Equity derivatives are firmly bullish while the MOVE index of bond market volatility is modestly bullish since it hasn’t risen in lockstep with the large moves in the yield markets. While bond prices may soon bottom out and remain above late 2022 levels I still see yields eventually retesting last year’s highs as both Fed policy and economic reality point to higher for longer interest rates due to persistent inflation and robust nominal GDP growth.

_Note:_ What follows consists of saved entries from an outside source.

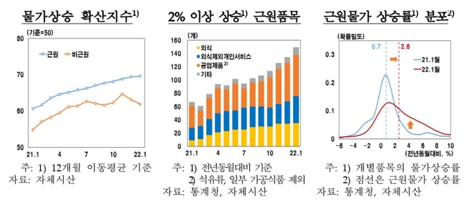 물가가 2% 이상 오른 품목의 수도 지난해 1월 132개에서 올해 1월 239개로 급증했다. 한은은 최근 물가 상승 양상의 특징으로 우선 물가 상승 압력이 근원품목으로까지 확산하는 점을 꼽았다. 2% 이상 오른 근원품목의 수는 올해 1월 150개로 1년 전(67개)의 두 배를 넘어섰다.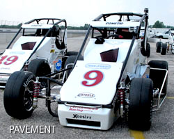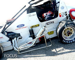 The Nine Racing midgets are powered by a four-cylinder Esslinger engine that is normally aspirated. The 166-cubic-inch powerplant is used both in the pavement and dirt midget cars. Newly added to the Nine Racing, Inc. stable of cars is a Ford Focus Midget, which uses the same style BEAST pavement chassis as the full midget and the only difference is the installation of a 180-horsepower Ford Focus engine. The pavement-style Ford Focus midget is designed to run on 1/4- and 1/5-mile paved ovals. |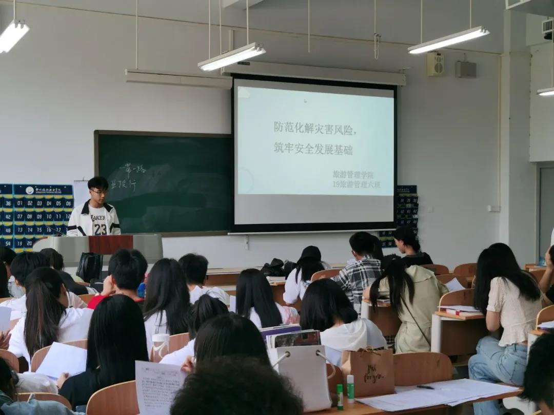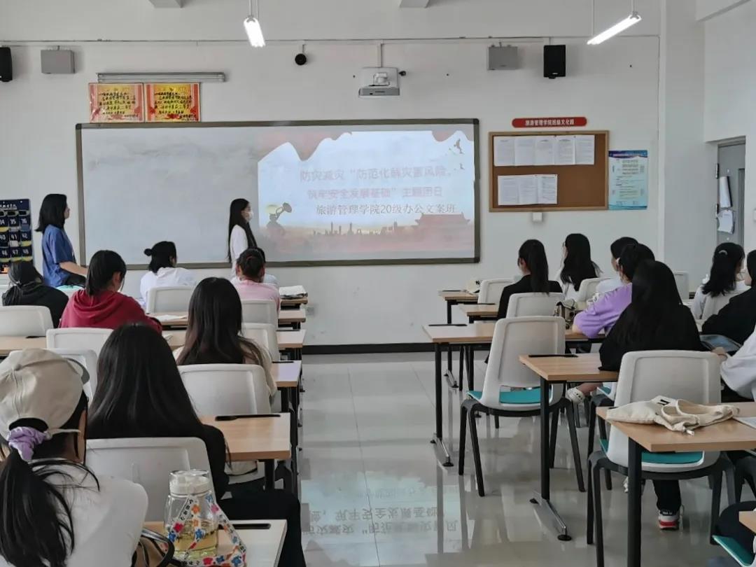 各班宣传委员通过讲述真实案例、观看图片及视频的方式,向同学们普及预防灾害事故的知识和防范灾害的基本技能。班主任老师结合当前学院安全工作的特点,对学生进行了防震减灾、防风防雷电、消防安全、交通安全、防溺水等多方面的知识教育。随后,同学们积极讨论并认真学习了有关防灾减灾的知识,了解了常见的自然灾害及面对灾害的应对方法,有效提高了同学们应急避险、自救与救助他人的能力。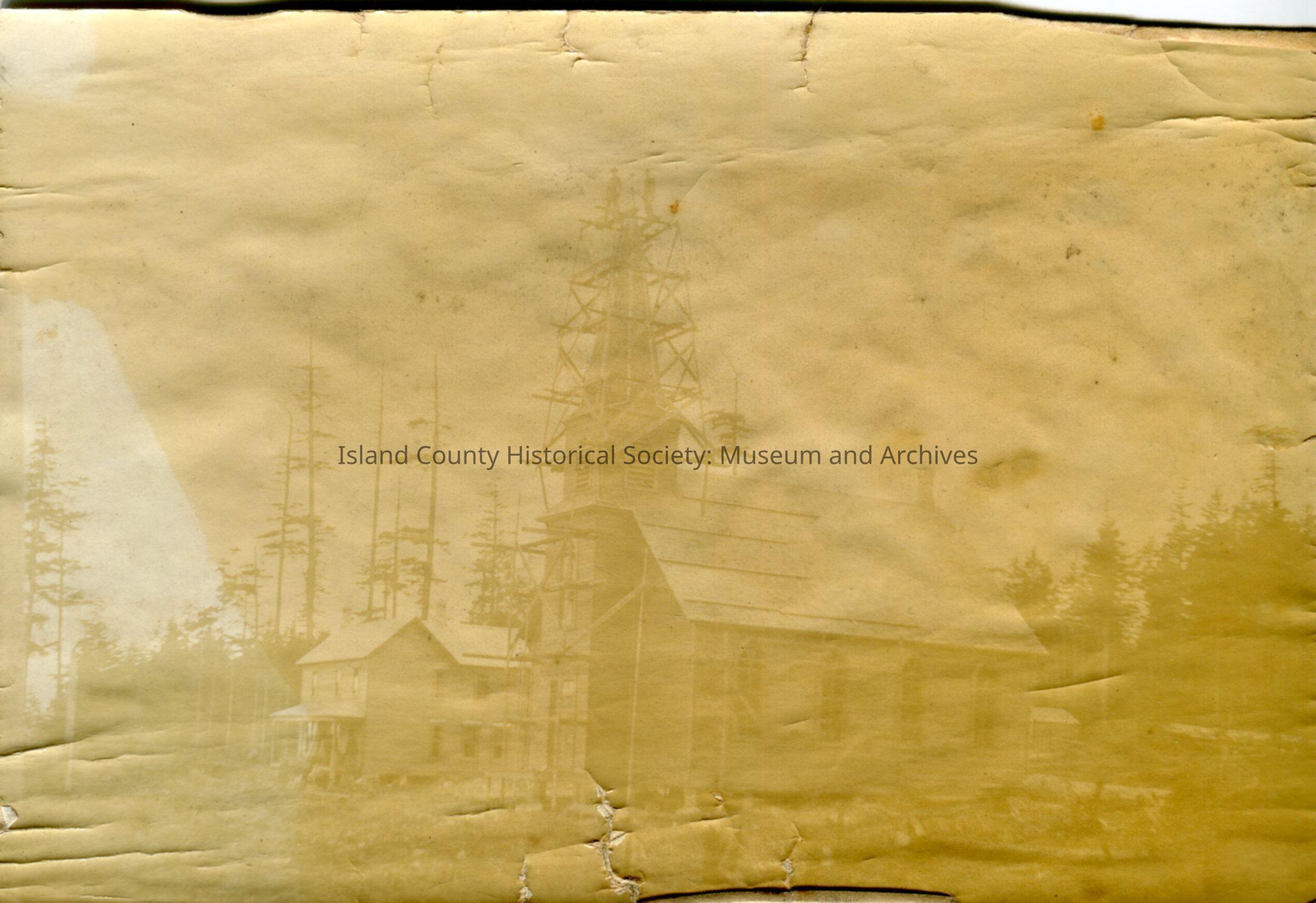 A faded photo of what looks like a church being built. There is another two-story building on the left-side of the photo. There is scaffolding around the steple of the church and two men standing on the very top of the scaffolding. There are large logs on the ground and there are many trees in the background.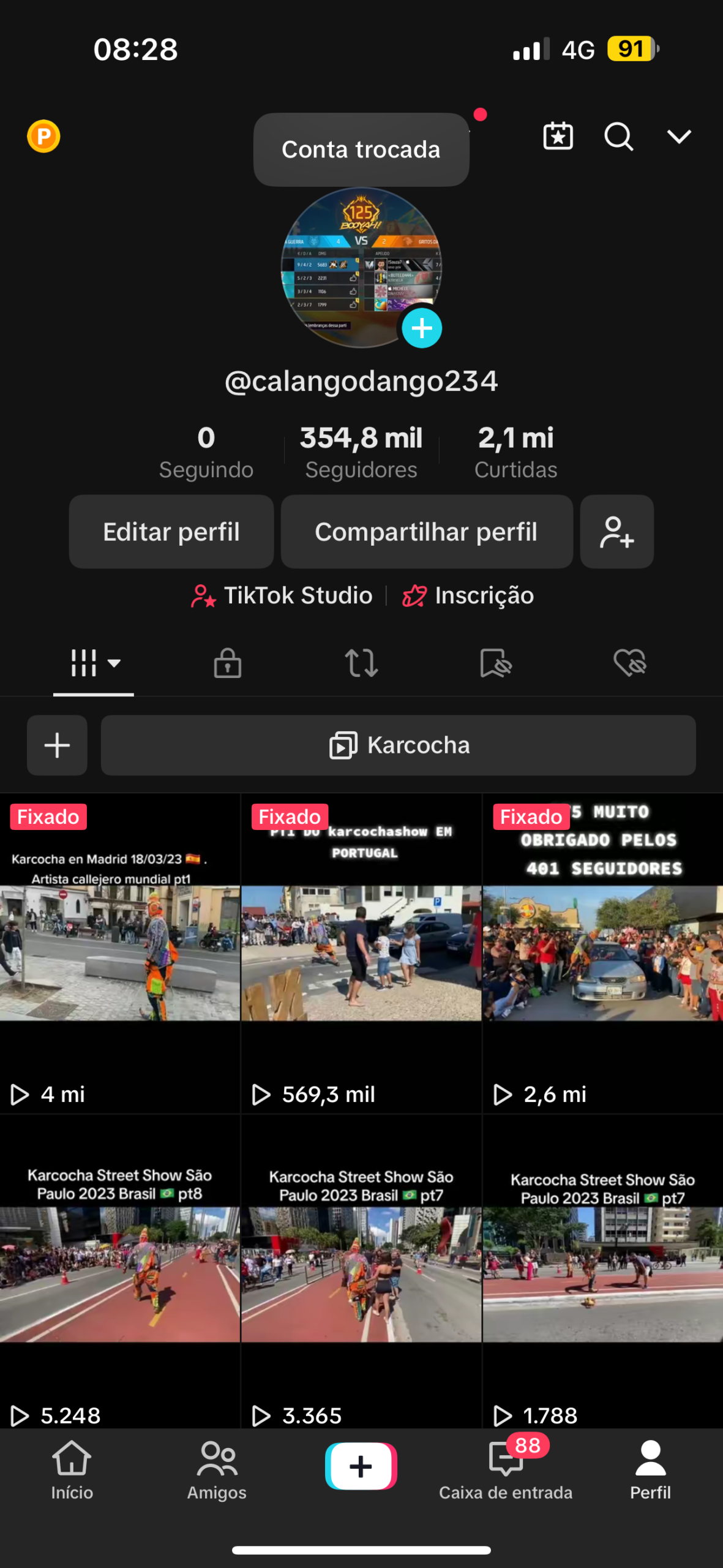 Conta do Tiktok de 354 Mil Seguidores

The labor market is the chief culprit in keeping inflation high, since commodity prices have been well-behaved ever since the $US hit a bottom earlier in the year. Fossil fuels are range-bound but with downside risk, likely reflecting the warm winter. This may reverse however if China’s reopening galvanizes other Asian markets and Russian supplies trail off, leading to deficits in various products. Industrial metals have been falling with further downside possible while precious metals are in profound downtrends after peaking earlier in the year. Real interest rates and a strong $US are pushing against the reopening story to pull metals lower. Foods, meats and softs are generally in trading ranges but with considerable upside risk as global nominal GDP looks robust due to the reopening. Disinflation is simply too slow from all sides and may even halt in the goods market, leading to persistently high interest rates and a declining asset values across the board.
My current positions include a significant cash position, 3M (MMM), Pfizer (PFE) and the inverse levered ETF SPXU, which nets out to a significant short position.